EXERCISE: Please give back an exact reproduction of the lines from the one with "ผอ.ท่าอากาศยานภูเก็ตเผย พบข้อความ ขู่วางระเบิด" through the end of the entries below, and no others.

RECORDS TO USE:
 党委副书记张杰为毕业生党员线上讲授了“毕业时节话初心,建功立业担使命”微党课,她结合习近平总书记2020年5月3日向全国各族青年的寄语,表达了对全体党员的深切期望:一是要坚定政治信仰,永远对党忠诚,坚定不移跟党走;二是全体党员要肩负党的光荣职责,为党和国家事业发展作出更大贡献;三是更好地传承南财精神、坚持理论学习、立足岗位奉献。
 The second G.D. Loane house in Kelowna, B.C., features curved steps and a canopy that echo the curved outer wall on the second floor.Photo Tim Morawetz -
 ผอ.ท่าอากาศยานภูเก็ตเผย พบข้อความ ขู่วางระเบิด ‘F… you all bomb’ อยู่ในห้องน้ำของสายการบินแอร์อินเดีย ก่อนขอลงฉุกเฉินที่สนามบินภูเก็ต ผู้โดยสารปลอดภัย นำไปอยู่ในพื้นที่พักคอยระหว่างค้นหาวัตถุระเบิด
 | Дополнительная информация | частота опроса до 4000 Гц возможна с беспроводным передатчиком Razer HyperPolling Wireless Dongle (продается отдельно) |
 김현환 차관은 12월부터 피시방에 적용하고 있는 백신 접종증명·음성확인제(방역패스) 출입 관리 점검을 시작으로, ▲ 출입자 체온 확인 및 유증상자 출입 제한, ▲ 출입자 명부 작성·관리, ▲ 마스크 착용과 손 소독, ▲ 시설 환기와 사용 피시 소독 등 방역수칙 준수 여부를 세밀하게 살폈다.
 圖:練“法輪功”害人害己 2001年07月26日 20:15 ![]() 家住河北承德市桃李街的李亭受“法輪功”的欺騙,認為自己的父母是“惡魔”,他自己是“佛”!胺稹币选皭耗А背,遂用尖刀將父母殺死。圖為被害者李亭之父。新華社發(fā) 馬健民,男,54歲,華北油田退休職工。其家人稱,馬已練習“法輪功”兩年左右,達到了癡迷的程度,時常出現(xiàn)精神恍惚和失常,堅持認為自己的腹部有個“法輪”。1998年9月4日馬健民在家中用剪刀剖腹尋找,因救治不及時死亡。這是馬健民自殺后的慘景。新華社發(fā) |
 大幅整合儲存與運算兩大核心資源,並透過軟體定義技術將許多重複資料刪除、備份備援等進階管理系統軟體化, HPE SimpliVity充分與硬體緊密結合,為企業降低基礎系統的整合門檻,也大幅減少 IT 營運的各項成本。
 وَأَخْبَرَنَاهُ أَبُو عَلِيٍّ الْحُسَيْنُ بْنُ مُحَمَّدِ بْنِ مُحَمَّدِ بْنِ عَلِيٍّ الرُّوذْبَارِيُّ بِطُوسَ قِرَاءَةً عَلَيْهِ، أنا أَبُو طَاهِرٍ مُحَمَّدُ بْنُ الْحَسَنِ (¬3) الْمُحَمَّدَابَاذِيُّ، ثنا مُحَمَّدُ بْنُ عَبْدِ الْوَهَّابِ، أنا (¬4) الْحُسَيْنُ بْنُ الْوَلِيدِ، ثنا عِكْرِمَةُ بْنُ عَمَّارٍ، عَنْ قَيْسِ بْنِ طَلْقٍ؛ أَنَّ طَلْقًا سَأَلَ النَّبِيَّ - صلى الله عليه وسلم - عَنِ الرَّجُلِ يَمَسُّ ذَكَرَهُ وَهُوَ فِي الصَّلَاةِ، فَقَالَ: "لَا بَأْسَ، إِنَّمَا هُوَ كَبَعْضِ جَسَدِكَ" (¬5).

RESULT:
 ผอ.ท่าอากาศยานภูเก็ตเผย พบข้อความ ขู่วางระเบิด ‘F… you all bomb’ อยู่ในห้องน้ำของสายการบินแอร์อินเดีย ก่อนขอลงฉุกเฉินที่สนามบินภูเก็ต ผู้โดยสารปลอดภัย นำไปอยู่ในพื้นที่พักคอยระหว่างค้นหาวัตถุระเบิด
 | Дополнительная информация | частота опроса до 4000 Гц возможна с беспроводным передатчиком Razer HyperPolling Wireless Dongle (продается отдельно) |
 김현환 차관은 12월부터 피시방에 적용하고 있는 백신 접종증명·음성확인제(방역패스) 출입 관리 점검을 시작으로, ▲ 출입자 체온 확인 및 유증상자 출입 제한, ▲ 출입자 명부 작성·관리, ▲ 마스크 착용과 손 소독, ▲ 시설 환기와 사용 피시 소독 등 방역수칙 준수 여부를 세밀하게 살폈다.
 圖:練“法輪功”害人害己 2001年07月26日 20:15 ![]() 家住河北承德市桃李街的李亭受“法輪功”的欺騙,認為自己的父母是“惡魔”,他自己是“佛”!胺稹币选皭耗А背,遂用尖刀將父母殺死。圖為被害者李亭之父。新華社發(fā) 馬健民,男,54歲,華北油田退休職工。其家人稱,馬已練習“法輪功”兩年左右,達到了癡迷的程度,時常出現(xiàn)精神恍惚和失常,堅持認為自己的腹部有個“法輪”。1998年9月4日馬健民在家中用剪刀剖腹尋找,因救治不及時死亡。這是馬健民自殺后的慘景。新華社發(fā) |
 大幅整合儲存與運算兩大核心資源,並透過軟體定義技術將許多重複資料刪除、備份備援等進階管理系統軟體化, HPE SimpliVity充分與硬體緊密結合,為企業降低基礎系統的整合門檻,也大幅減少 IT 營運的各項成本。
 وَأَخْبَرَنَاهُ أَبُو عَلِيٍّ الْحُسَيْنُ بْنُ مُحَمَّدِ بْنِ مُحَمَّدِ بْنِ عَلِيٍّ الرُّوذْبَارِيُّ بِطُوسَ قِرَاءَةً عَلَيْهِ، أنا أَبُو طَاهِرٍ مُحَمَّدُ بْنُ الْحَسَنِ (¬3) الْمُحَمَّدَابَاذِيُّ، ثنا مُحَمَّدُ بْنُ عَبْدِ الْوَهَّابِ، أنا (¬4) الْحُسَيْنُ بْنُ الْوَلِيدِ، ثنا عِكْرِمَةُ بْنُ عَمَّارٍ، عَنْ قَيْسِ بْنِ طَلْقٍ؛ أَنَّ طَلْقًا سَأَلَ النَّبِيَّ - صلى الله عليه وسلم - عَنِ الرَّجُلِ يَمَسُّ ذَكَرَهُ وَهُوَ فِي الصَّلَاةِ، فَقَالَ: "لَا بَأْسَ، إِنَّمَا هُوَ كَبَعْضِ جَسَدِكَ" (¬5).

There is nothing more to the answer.